───── Data for review ─────
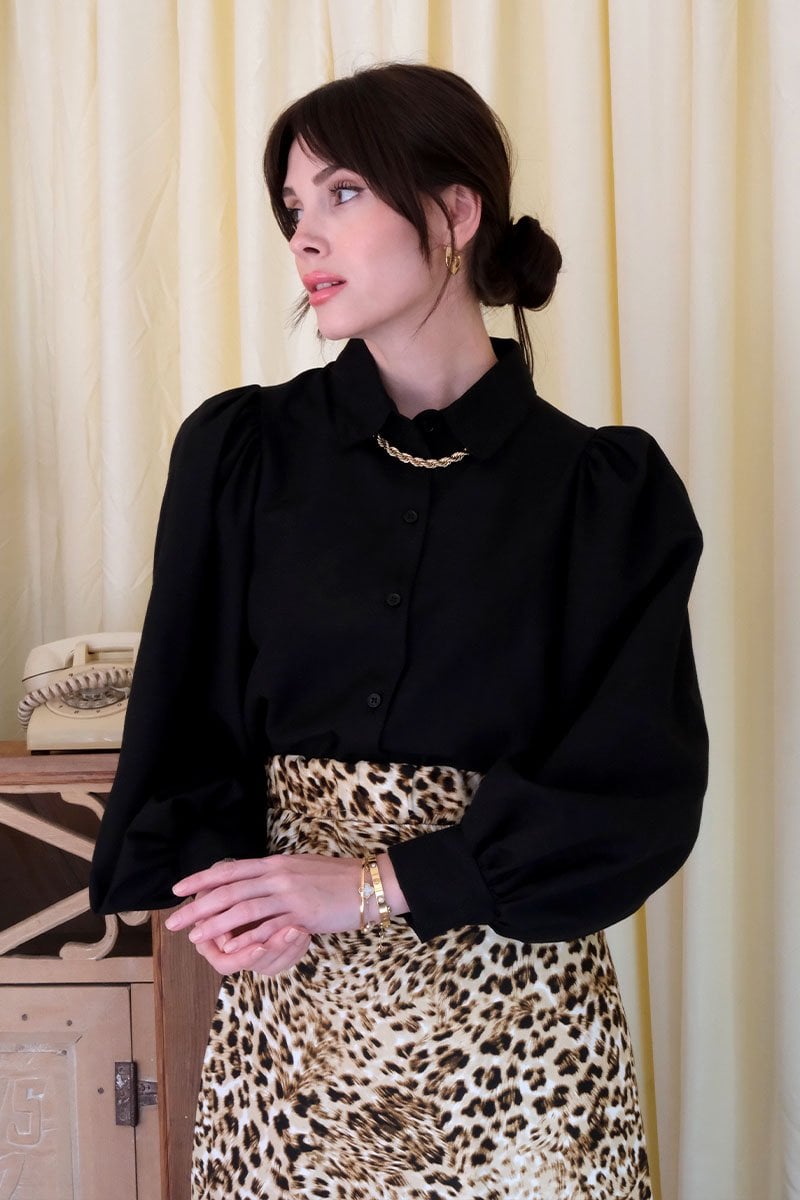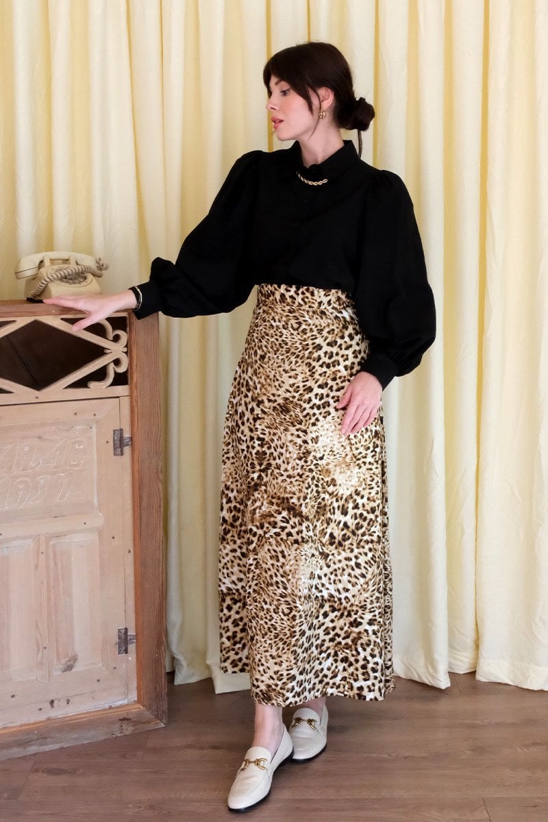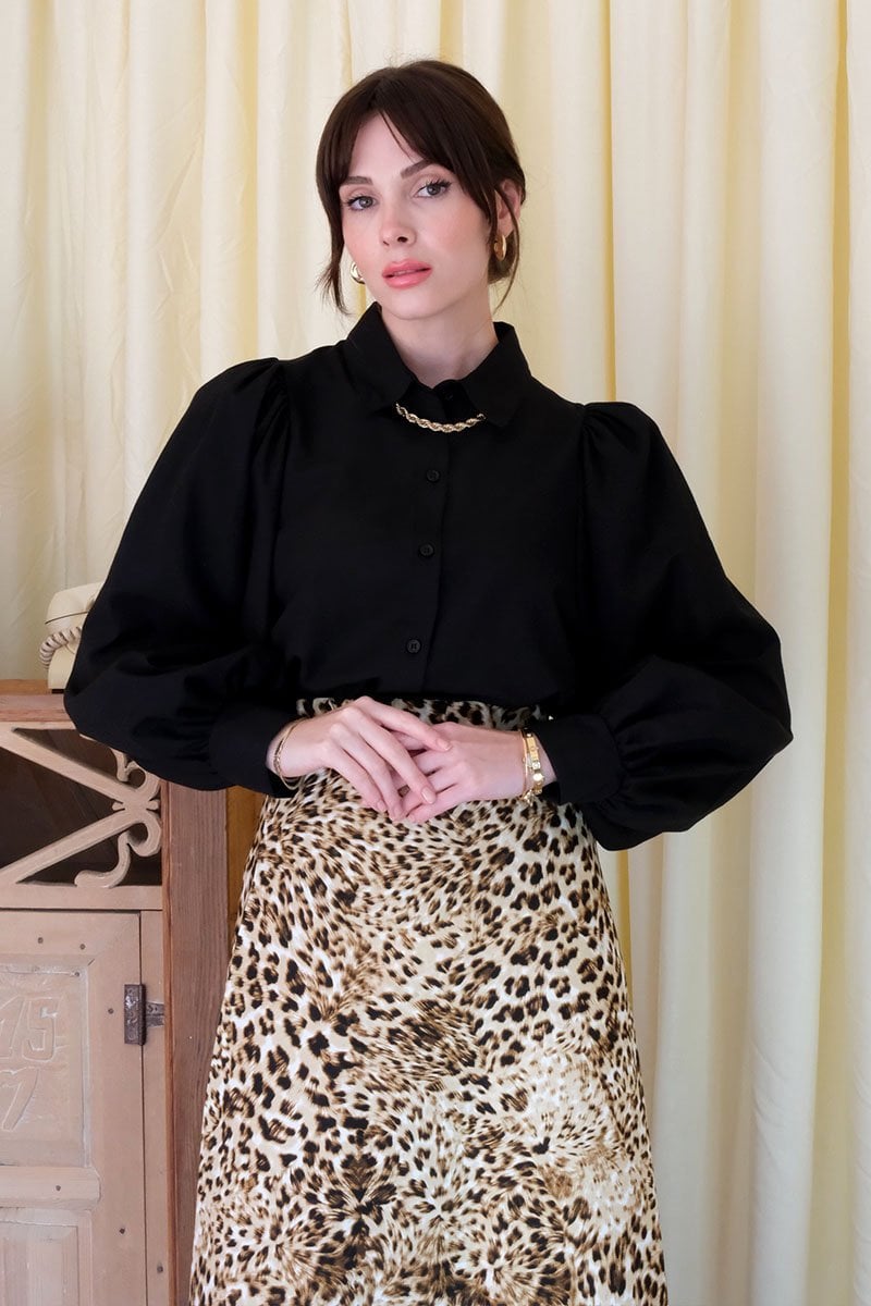 Siyah Klasik Yaka Crop Gömlek & Leopar Desen Pamuk Saten Kloş Etek
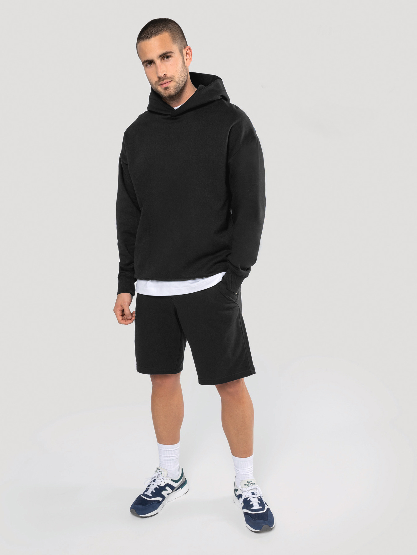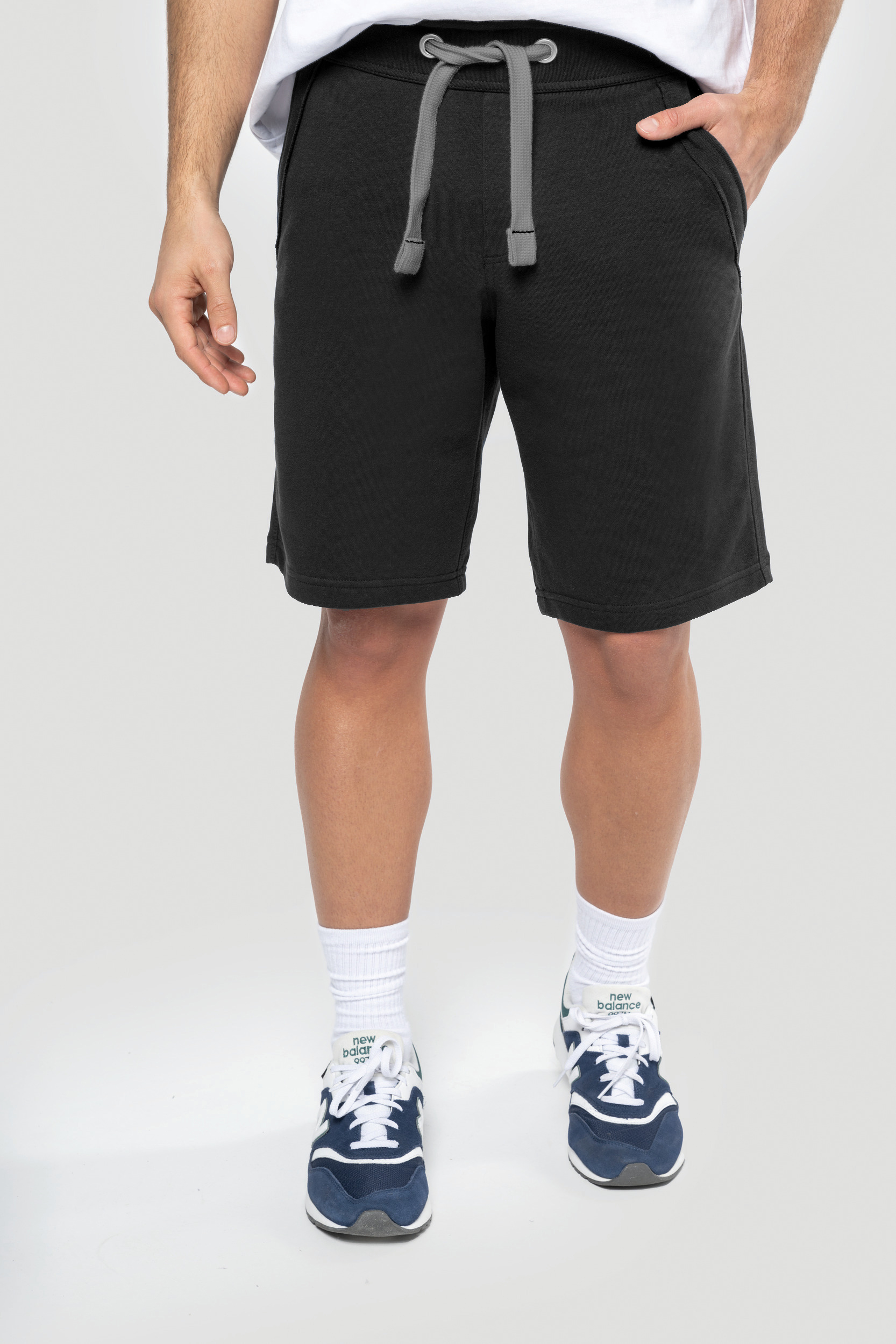 Calções tipo Bermuda de alta qualidade, fabricados numa mistura de algodão penteado e poliéster de alta gramagem, espessa e durável. O forro interior em French Terry garante um conforto extra, enquanto a cintura canelada com cordão proporciona um ajuste seguro.
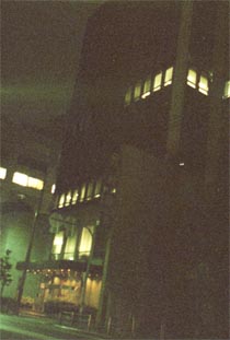 〔探索ポイント〕UFJ銀行、東京海上、東京三菱銀行、大阪市役所、おいおい損保、野村證券、日本生命今橋ビル 夜、雨上がりの御堂筋をカメラと三脚をかつぎチャリンコで疾走する二人の怪しげな男たち・・・。道行く人が振り返る。ある女性は「新聞社の人かしら?」。 工事現場の作業員さんたちは「おい、また来たデッ!」。三脚を設置するための目印にガムテープを濡れたアスファルトに貼っていく。歩行者の革靴やハイヒールの底にへばり着くのか、1時間後には消えてなくなるガムテープ・・・。 世間で一般的に「仕事が暇な月」は、ニッパチ(2月・8月)と言われます。そのニッパチの月末、2月28日(木曜日)の夜に淀屋橋界隈のいくつかの大企業を外からウッチングしてきました。 オフィスの中では何人のサラリーマンや公務員が深夜残業を強いられているのか・・・。それとも電気の消し忘れなのか?「こんなに遅うまで何しとんのやろ?」といぶしがる撮影班。印象的だったのが、UFJ銀行。御堂筋に面するところの灯りはそこそこだが、同じビルの裏手にまわると、ほとんどの窓から蛍光灯の灯りがコウコウともれている。 各大企業の経営者のみなさん! 従業員の健康にもっと配慮をしてくだされ。それこそ、労働基準監督署の見回りやったらアウトでっせ! ※今回のウォッチングは、午後8:00-9:00、9:00-10:00、10:00-11:00、12:00-の合計4回行いました。それぞれ写真の左上に撮影時間帯を記載しております。ご参考に。あえて絵解きはしておりませんが、ご参考に。 |
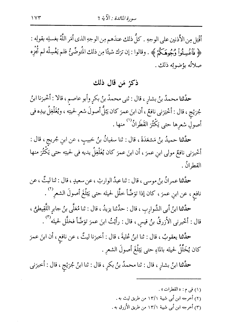 حَدَّثَنَا حُمَيْدُ بْنُ مَسْعَدَةَ , قَالَ: ثنا سُفْيَانُ بْنُ حَبِيبٍ , عَنِ ابْنِ جُرَيْجٍ , قَالَ: أَخْبَرَنِي نَافِعٌ مَوْلَى ابْنِ عُمَرَ: أَنَّ ابْنَ عُمَرَ كَانَ §يُغَلْغِلُ يَدَيْهِ فِي لِحْيَتِهِ حَتَّى تَكْثُرَ مِنْهَا الْقَطَرَاتِ "
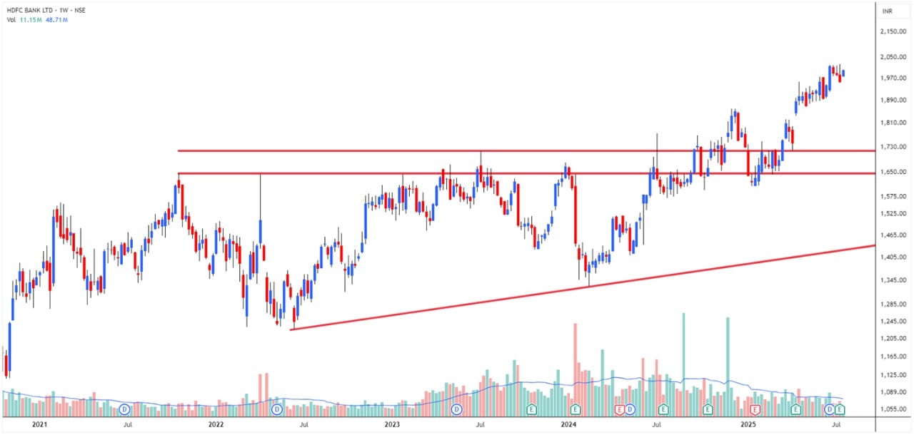 The successful retest was followed by renewed bullish momentum, showing that the bulls used the dip to re-enter. The ongoing trend indicates that HDFC Bank’s bullish momentum is likely to sustain through the remainder of 2025, provided broader market conditions remain supportive.
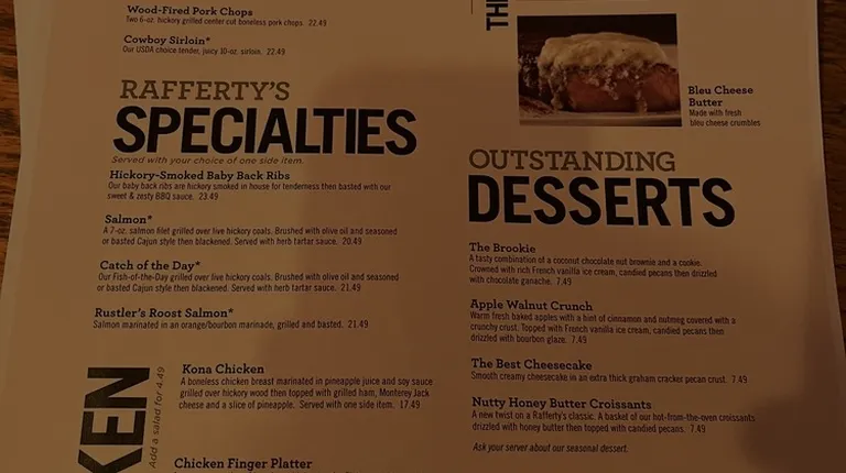 I walked across the parking lot from the Hilton Cincinnati North to find Rafferty's. I was able to get the last seat at the bar at the time I went. It had a great vibe---many TV's and sports on all (mostly tennis due to the timing). They had some great craft beers on draught. I ordered the Rhinegeist Truth which is my "go to" beer when visiting the area. For the main course, I ordered the "catch of the day" which was Mahi Mahi charcoal grilled and blackened with cajun seasoning. It was cooked perfectly. The garlic mashed potatoes were excellent. And finally--- probably the best reason to give them a 5 star was the bartender Shelly who was probably the nicest, fastest and hardest working person in the restaurant. She says she's been there nearly 30 years and loves her job. I can tell from her work ethic and attitude. I wish there were more people like her in the food service industry----- or even any industry.
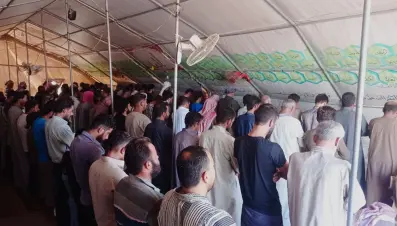وقفة احتجاجية بإحدى مخيمات إدلب تنديداً بالقصف الروسي
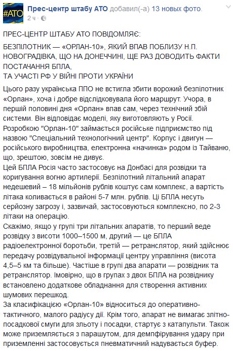 В зоне АТО упал беспилотник "Орлан" российского производства. Об этом сообщает пресс-центр штаба АТО на своей странице в Facebook.
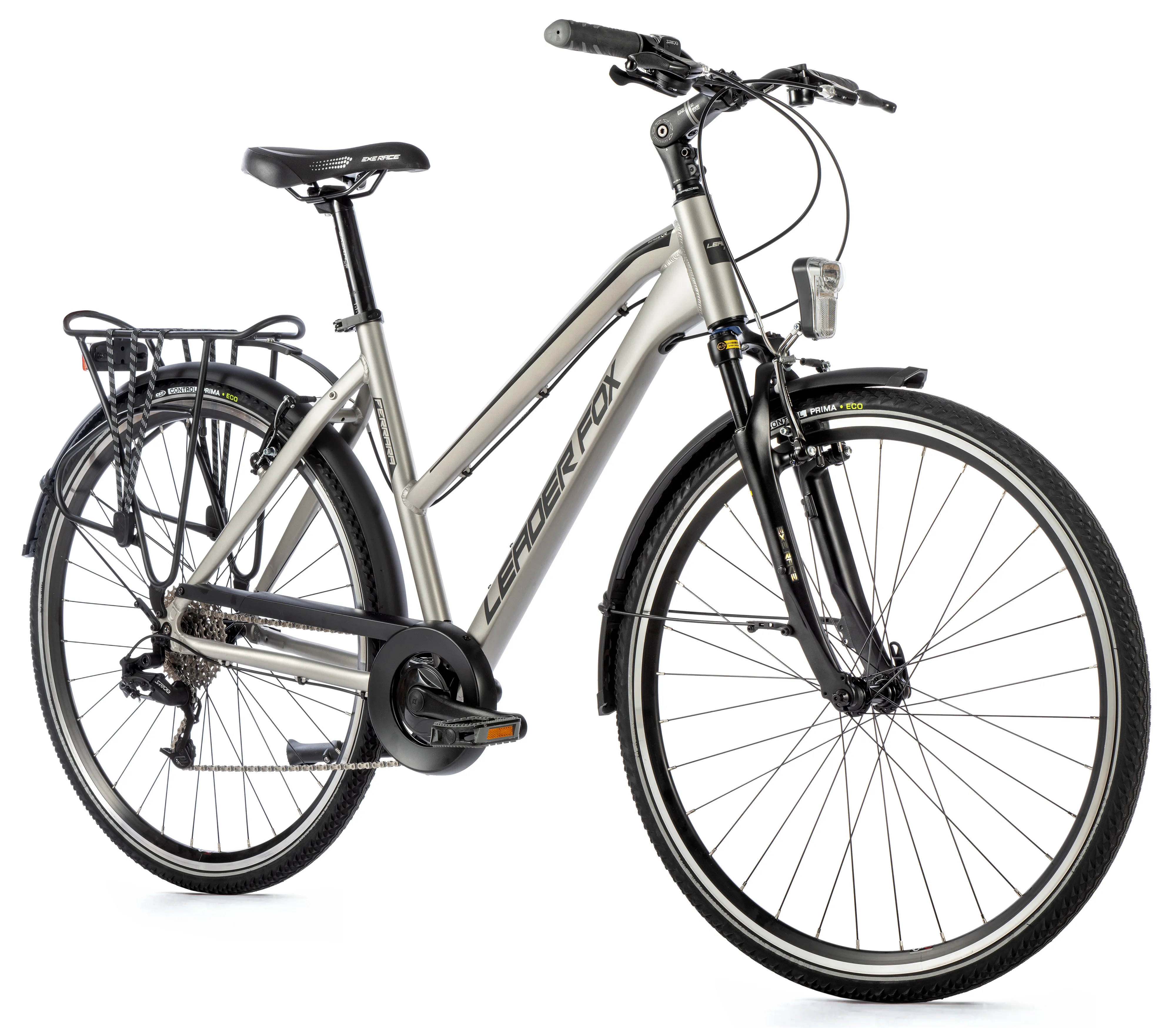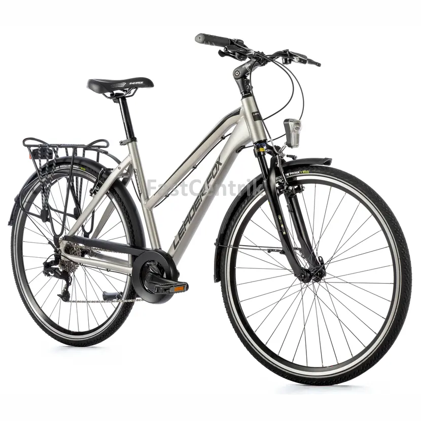Dámské trekingové kolo Leader Fox FERRARA 28" v hliníkovém rámu, s blatníky a bateriovým LED osvětlením. Užijte si pohodlné cestování po městě nebo odpolední výlety po cyklostezkách
─────
* **About this task**
Reproduce only the lines from the first line of the entries through the line containing "The successful retest", exactly and with both ends kept. Omit the pictures.

* **Completed task**
 Siyah Klasik Yaka Crop Gömlek & Leopar Desen Pamuk Saten Kloş Etek
 Calções tipo Bermuda de alta qualidade, fabricados numa mistura de algodão penteado e poliéster de alta gramagem, espessa e durável. O forro interior em French Terry garante um conforto extra, enquanto a cintura canelada com cordão proporciona um ajuste seguro.
 〔探索ポイント〕UFJ銀行、東京海上、東京三菱銀行、大阪市役所、おいおい損保、野村證券、日本生命今橋ビル 夜、雨上がりの御堂筋をカメラと三脚をかつぎチャリンコで疾走する二人の怪しげな男たち・・・。道行く人が振り返る。ある女性は「新聞社の人かしら?」。 工事現場の作業員さんたちは「おい、また来たデッ!」。三脚を設置するための目印にガムテープを濡れたアスファルトに貼っていく。歩行者の革靴やハイヒールの底にへばり着くのか、1時間後には消えてなくなるガムテープ・・・。 世間で一般的に「仕事が暇な月」は、ニッパチ(2月・8月)と言われます。そのニッパチの月末、2月28日(木曜日)の夜に淀屋橋界隈のいくつかの大企業を外からウッチングしてきました。 オフィスの中では何人のサラリーマンや公務員が深夜残業を強いられているのか・・・。それとも電気の消し忘れなのか?「こんなに遅うまで何しとんのやろ?」といぶしがる撮影班。印象的だったのが、UFJ銀行。御堂筋に面するところの灯りはそこそこだが、同じビルの裏手にまわると、ほとんどの窓から蛍光灯の灯りがコウコウともれている。 各大企業の経営者のみなさん! 従業員の健康にもっと配慮をしてくだされ。それこそ、労働基準監督署の見回りやったらアウトでっせ! ※今回のウォッチングは、午後8:00-9:00、9:00-10:00、10:00-11:00、12:00-の合計4回行いました。それぞれ写真の左上に撮影時間帯を記載しております。ご参考に。あえて絵解きはしておりませんが、ご参考に。 |
 حَدَّثَنَا حُمَيْدُ بْنُ مَسْعَدَةَ , قَالَ: ثنا سُفْيَانُ بْنُ حَبِيبٍ , عَنِ ابْنِ جُرَيْجٍ , قَالَ: أَخْبَرَنِي نَافِعٌ مَوْلَى ابْنِ عُمَرَ: أَنَّ ابْنَ عُمَرَ كَانَ §يُغَلْغِلُ يَدَيْهِ فِي لِحْيَتِهِ حَتَّى تَكْثُرَ مِنْهَا الْقَطَرَاتِ "
 The successful retest was followed by renewed bullish momentum, showing that the bulls used the dip to re-enter. The ongoing trend indicates that HDFC Bank’s bullish momentum is likely to sustain through the remainder of 2025, provided broader market conditions remain supportive.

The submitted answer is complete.